This function estimates $\Lambda_i$ for all probes $i$ . This is normally the first step in the analysis after storing the experimental data with 'Les'.

The 'win' argument influences the number of neighboring probes taken into account by the weighting function. The value is passed to the function specified in 'weighting'. Larger values result in a smoother features. Details on a reasonable choice for this value can be found in the references.

With the 'weighting' argument the applied weighting function can be specified from a predefined set or a custom function can be used. In the 'les' package the four functions 'triangWeight', 'rectangWeight', 'epWeight' and 'gaussWeight' are already supplied and offer a triangular, rectangular, Epanechnikov and Gaussian weighting function respectively. For details on the functions itself and how to use custom ones please see the documentation of the single functions or the vignette of this package.

The Grenander correction for the cumulative density includes the general knowledge about the concave shape of the cumulative density. This reduces the variance of the estimates and leads to a conservative estimation. Please note that using this feature may significantly increase computation time.
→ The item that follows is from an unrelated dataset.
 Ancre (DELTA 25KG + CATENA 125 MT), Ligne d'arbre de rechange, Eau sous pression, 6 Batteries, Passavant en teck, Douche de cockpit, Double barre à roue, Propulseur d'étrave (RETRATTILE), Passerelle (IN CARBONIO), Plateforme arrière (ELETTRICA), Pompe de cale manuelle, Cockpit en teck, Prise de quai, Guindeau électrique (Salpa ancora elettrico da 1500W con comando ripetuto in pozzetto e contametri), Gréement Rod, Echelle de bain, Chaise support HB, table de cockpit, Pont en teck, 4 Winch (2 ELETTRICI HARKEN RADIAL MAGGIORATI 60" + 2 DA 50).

The 'multicore' package can be used to spread the computation over several cores in a simple way. This can be useful on multi-core machines for large datasets. The 'multicore' package is not available on all platforms. To use multicore processing 'library(multicore)' has to be called beforehand and a number of cores to use has to be specified in 'nCores'. For details see the documentation of the 'multicore package.

Please note that calling 'estimate' with an object returned by the methods 'ci' and 'regions' will overwrite data stored by these two methods. This ensures that no inconsistent data is stored.

Value

Object of class 'Les' with additionally filled slots: lambda, win, weighting, grenander, nProbes, se (se only if computed)

Author(s)

Julian Gehring

Maintainer: Julian Gehring <[email protected]>

Examples

data(spikeInStat)

x <- Les(pos, pval)
x <- estimate(x, win=200)
x
data(spikeInStat)

x <- Les(pos, pval)
x <- estimate(x, win=200)
x

export

Description

Exports the results into files for interaction with other software. Estimated regions can be exported in 'bed' and 'gff' format, $\Lambda$ in 'wig' format.

Usage

export(object, file, format="bed", chr, range, description = "Lambda",
strand=".", group="les", precision=4, ...)
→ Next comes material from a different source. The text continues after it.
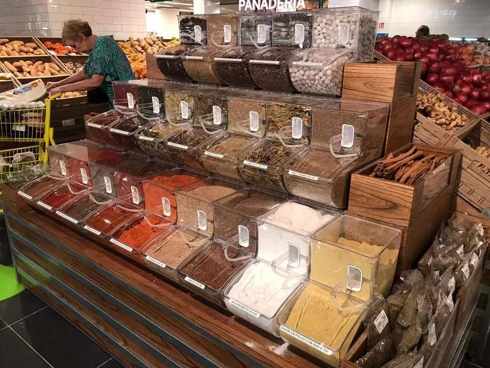 Épicerie affichage conteneur bacs de nourriture en vrac avec étiquette de prix

## S4 method for signature 'Les'
export(object, file, format="bed", chr, range,
description = "Lambda", strand=".", group="les", precision=4, ...)
export(object, file, format="bed", chr, range, description = "Lambda",
strand=".", group="les", precision=4, ...)

## S4 method for signature 'Les'
export(object, file, format="bed", chr, range,
description = "Lambda", strand=".", group="les", precision=4, ...)

Arguments

`object`	Object of class 'Les' containing experimental data, as returned by 'estimate' or 'regions'.
`file`	Character string specifying the file path and name for export.
`format`	Character string with the export format (default: 'bed'). Possible values are 'bed' and 'gff' for export of the estimated regions and 'wig' for export of $\Lambda$ for the probes. If set to 'bed' or 'gff' the method 'regions' has to be run beforehand. Partial matches are also possible. For details on the formats please see the 'Details' section.
`chr`	Character string specifying the chromosome from which results should be exported. This value must be set if exporting to 'wig' format, for other formats is optional. 'chr' must have exactly one match in the 'chr' argument specified in 'Les'.
`range`	Numeric vector specifying the range of probe positions which should be exported. If missing all probes of the chromosome will be exported. This value has only an effect if 'format' is set to 'wig'.
`description`	Character string with description for the exported track (default: 'Lambda'). This will be used as description by several programs and genome browsers.
`strand`	Character string with strand specification for 'gff' export (default: '.'). Possible values are '+', '-' or '.'.
`group`	Character string with group specifications of the resulting regions in 'gff' format (default: 'les').
`precision`	Integer specifying the number of digits $\Lambda$ should be rounded to for export to 'wig' format (default: 4).
`...`	Further arguments passed to subsequent functions.

Details

This function is useful to export the estimated Lambda to external programs and genome browsers.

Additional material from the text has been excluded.